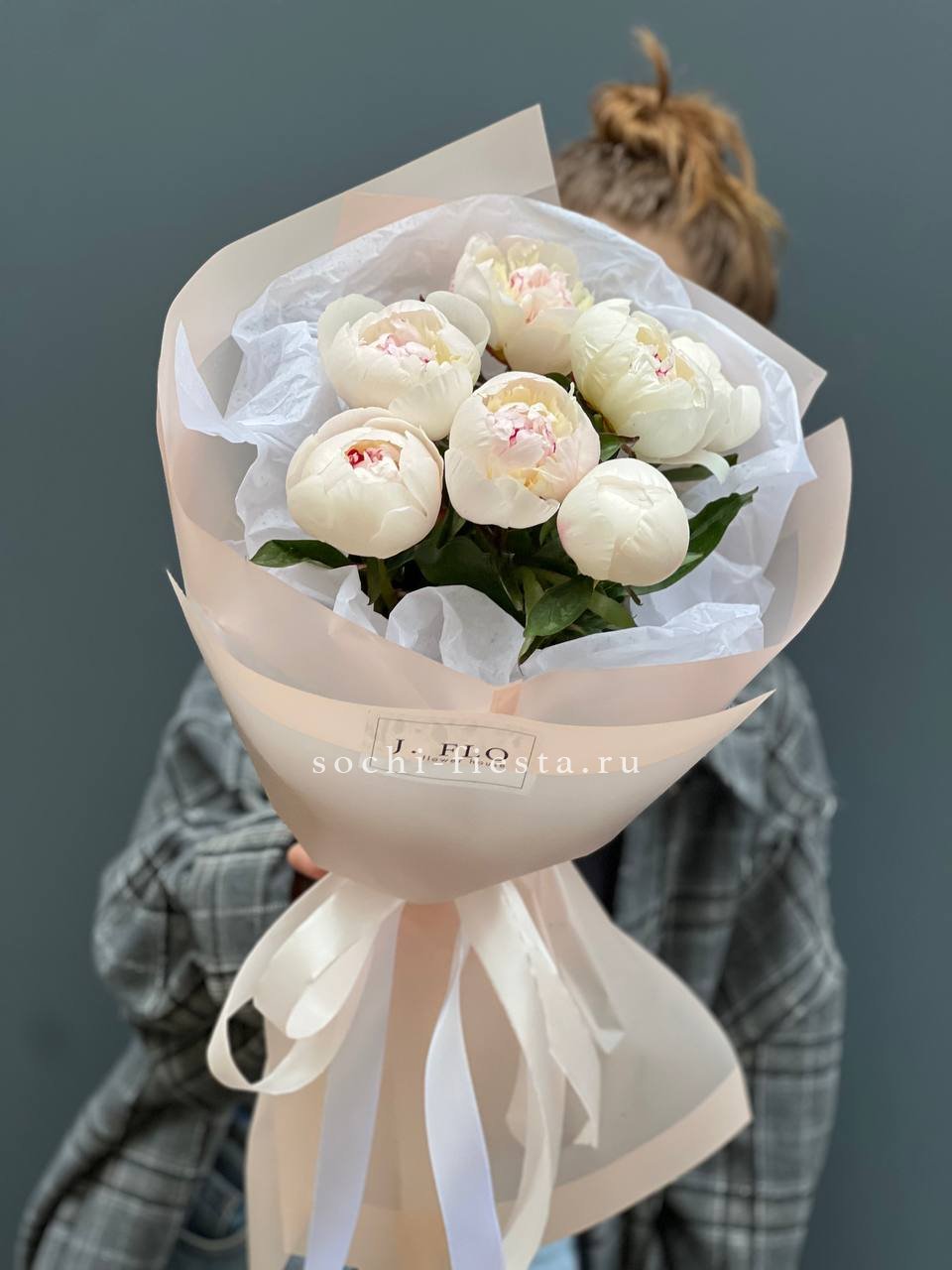 белые пионы - количество на выбор, лента, дизайнерская упаковка.
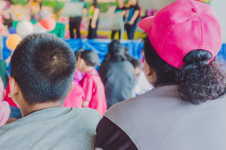 Parents are taking pictures and waiting to give gifts to their children after show on stage in school.
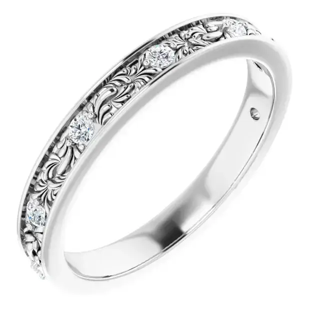 Elevate your celebration of love with the exquisite 14K White Gold 1/3 carat total weight Natural Diamond Bead Anniversary Band. This captivating ring showcases a row of brilliant round-cut diamonds intricately set in a bead-like pattern, creating a dazzling display of sophistication and style. The 14K white gold band enhances the brilliance of the diamonds, providing a timeless and versatile backdrop. The intricate detailing and expert craftsmanship make this anniversary band a symbol of enduring commitment and shared moments. With a total weight of 1/3 carats, the diamonds add a touch of radiance, making this band a perfect expression of the everlasting bond and a stunning addition to any jewelry collection. Celebrate your journey together with this beautifully designed and meticulously crafted diamond anniversary band.Discover more from Fossil Creek Jewelry
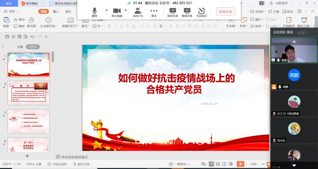 5月22日,我院本科生四支部利用腾讯会议APP开展“如何做好抗击疫情战场上的合格共产党员”线上专题党课教育活动。支部书记杨平平同志主持会议,全体支部党员和发展对象参加会议。
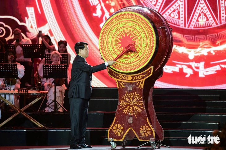 Chủ tịch nước Lương Cường đánh trống khai hội - Ảnh: NAM TRẦN
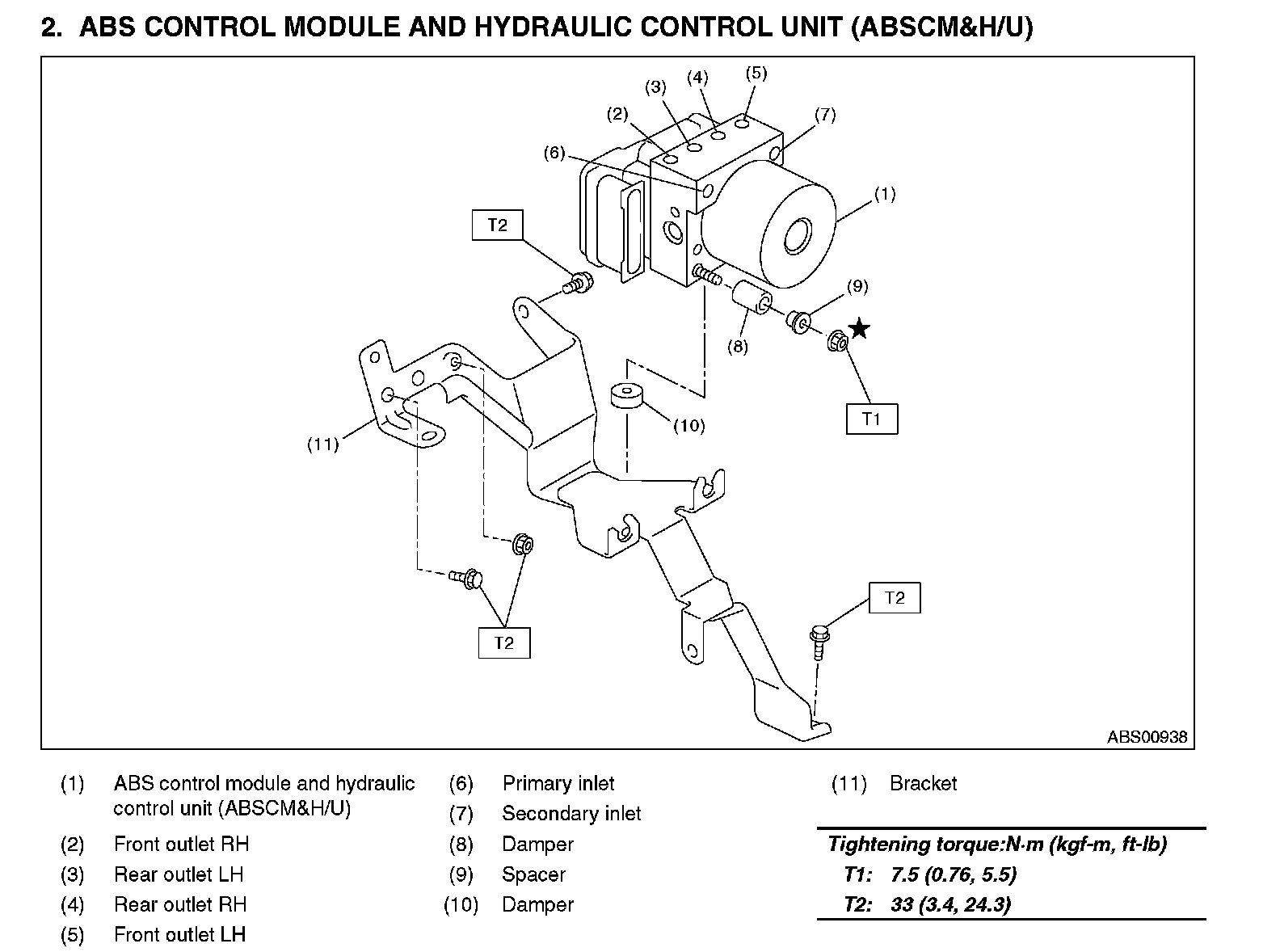 2) Align the damper groove of the ABSCM & H/U to the bracket side claw, and install the ABSCM & H/U with new nuts (023506000).

> YOUR GOAL
Only the entries themselves should be output, word for word, with all pictures omitted.

> RESPONSE AREA
 белые пионы - количество на выбор, лента, дизайнерская упаковка.
 Parents are taking pictures and waiting to give gifts to their children after show on stage in school.
 Elevate your celebration of love with the exquisite 14K White Gold 1/3 carat total weight Natural Diamond Bead Anniversary Band. This captivating ring showcases a row of brilliant round-cut diamonds intricately set in a bead-like pattern, creating a dazzling display of sophistication and style. The 14K white gold band enhances the brilliance of the diamonds, providing a timeless and versatile backdrop. The intricate detailing and expert craftsmanship make this anniversary band a symbol of enduring commitment and shared moments. With a total weight of 1/3 carats, the diamonds add a touch of radiance, making this band a perfect expression of the everlasting bond and a stunning addition to any jewelry collection. Celebrate your journey together with this beautifully designed and meticulously crafted diamond anniversary band.Discover more from Fossil Creek Jewelry
 5月22日,我院本科生四支部利用腾讯会议APP开展“如何做好抗击疫情战场上的合格共产党员”线上专题党课教育活动。支部书记杨平平同志主持会议,全体支部党员和发展对象参加会议。
 Chủ tịch nước Lương Cường đánh trống khai hội - Ảnh: NAM TRẦN
 2) Align the damper groove of the ABSCM & H/U to the bracket side claw, and install the ABSCM & H/U with new nuts (023506000).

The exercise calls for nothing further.